-- EXERCISE AIM --
Please give back the listing below word for word and drop any images.

-- RECORDED DATA --
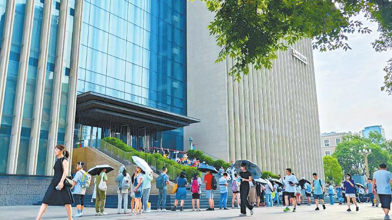 在四川,备受追捧的图书馆还有不少。2015年底,四川省图书馆现馆舍开馆,目前已运行服务近8年,年均接待读者190余万人次,日均最高达到1.5万人次。“只好在阅览室等空间增加座席数,将部分藏书空间让给读者。”四川省图书馆相关负责人说。
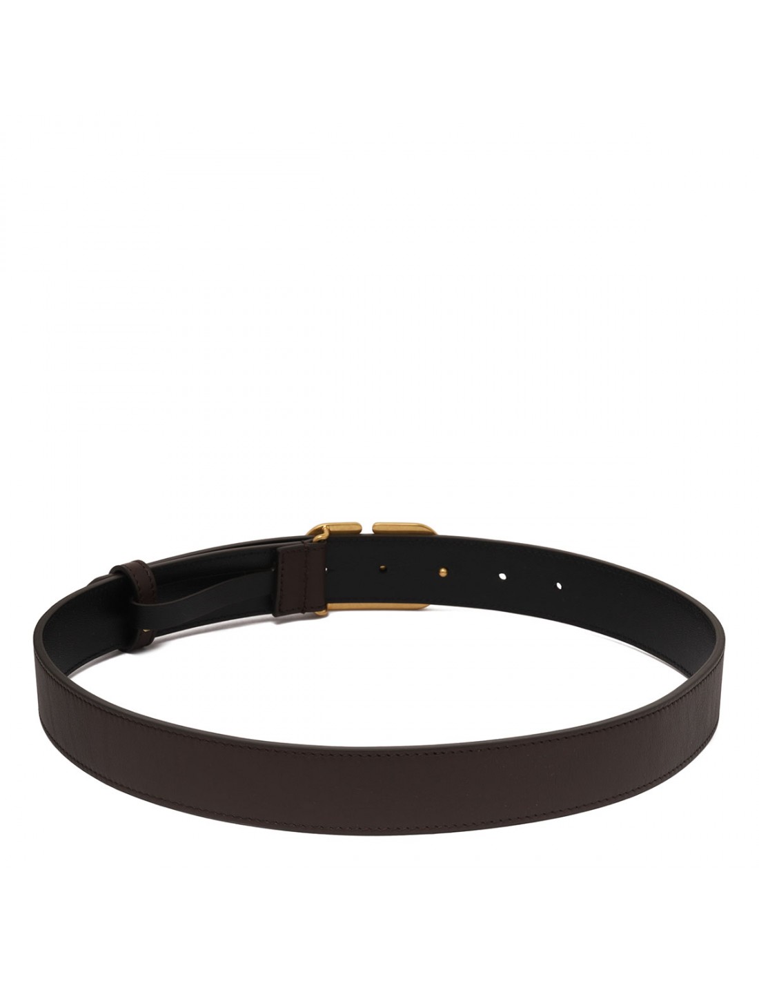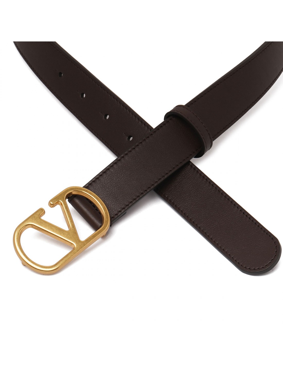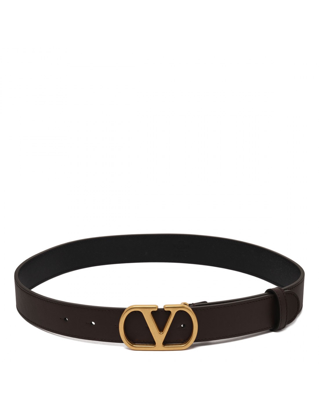 Oak brown calfskin belt from Valentino Garavani featuring VLogo buckle fastening in antique brass-finish metal, leather loop. It has a width of 30 mm.
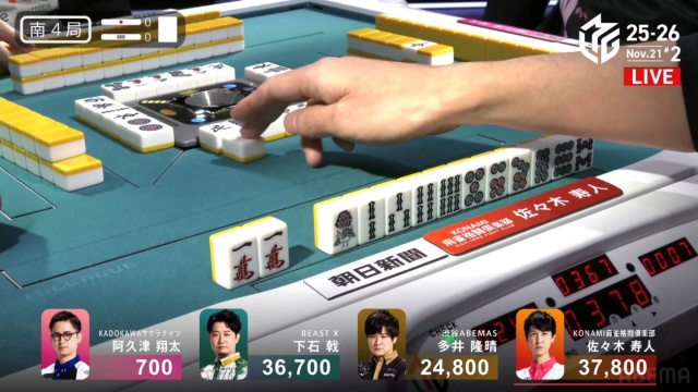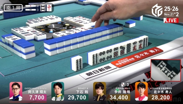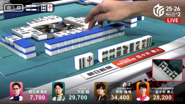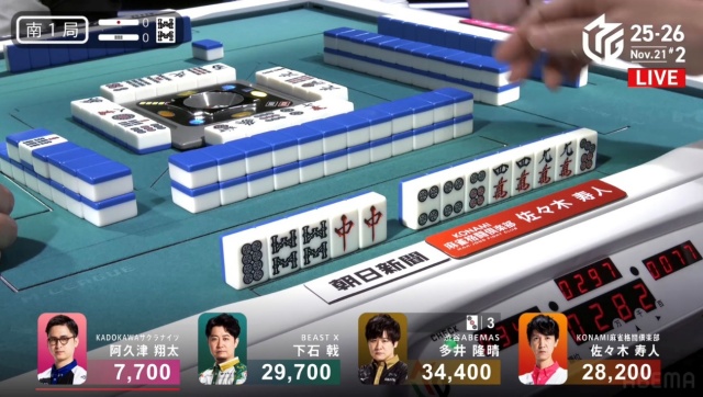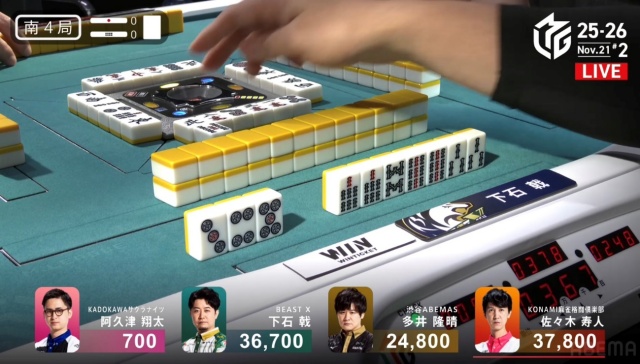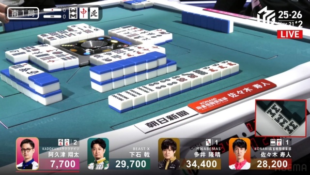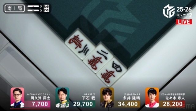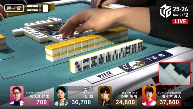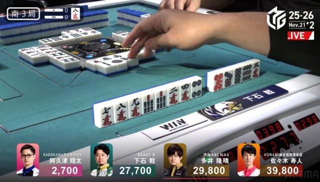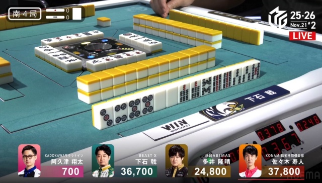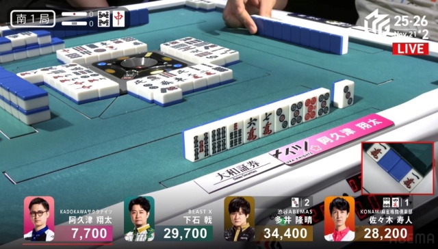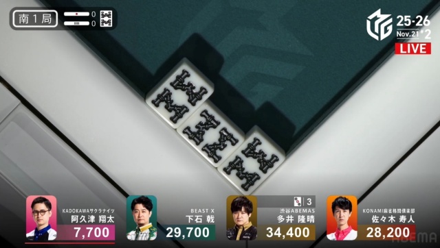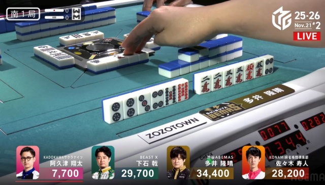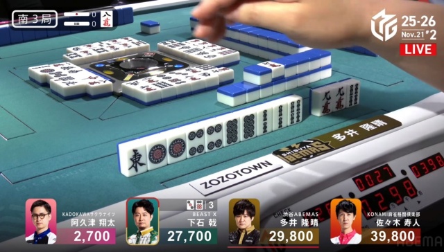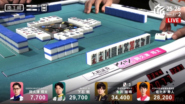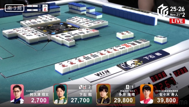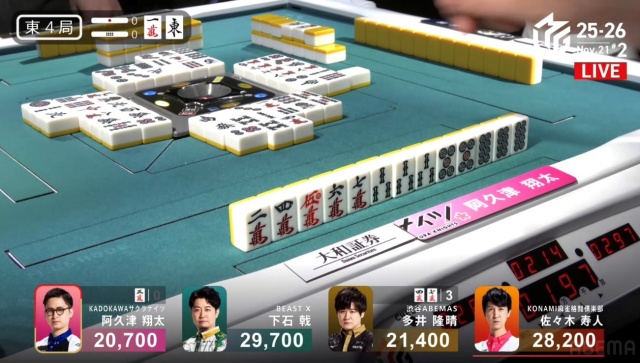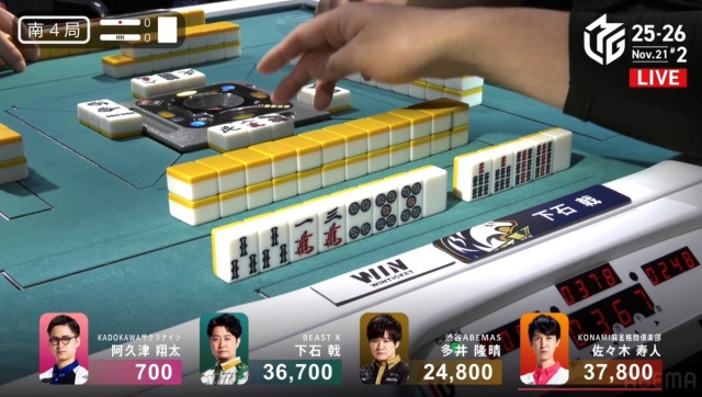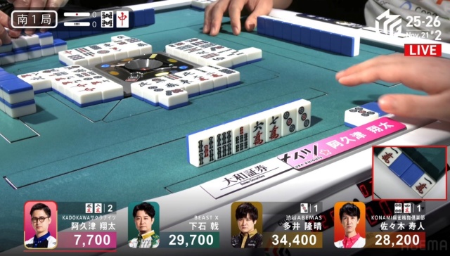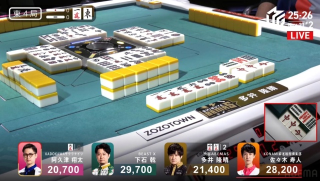 空テンとなっていた阿久津は成す術なく、多井に高めで放銃。

-- SOLUTION FOR THIS PROBLEM --
 在四川,备受追捧的图书馆还有不少。2015年底,四川省图书馆现馆舍开馆,目前已运行服务近8年,年均接待读者190余万人次,日均最高达到1.5万人次。“只好在阅览室等空间增加座席数,将部分藏书空间让给读者。”四川省图书馆相关负责人说。
 Oak brown calfskin belt from Valentino Garavani featuring VLogo buckle fastening in antique brass-finish metal, leather loop. It has a width of 30 mm.
 空テンとなっていた阿久津は成す術なく、多井に高めで放銃。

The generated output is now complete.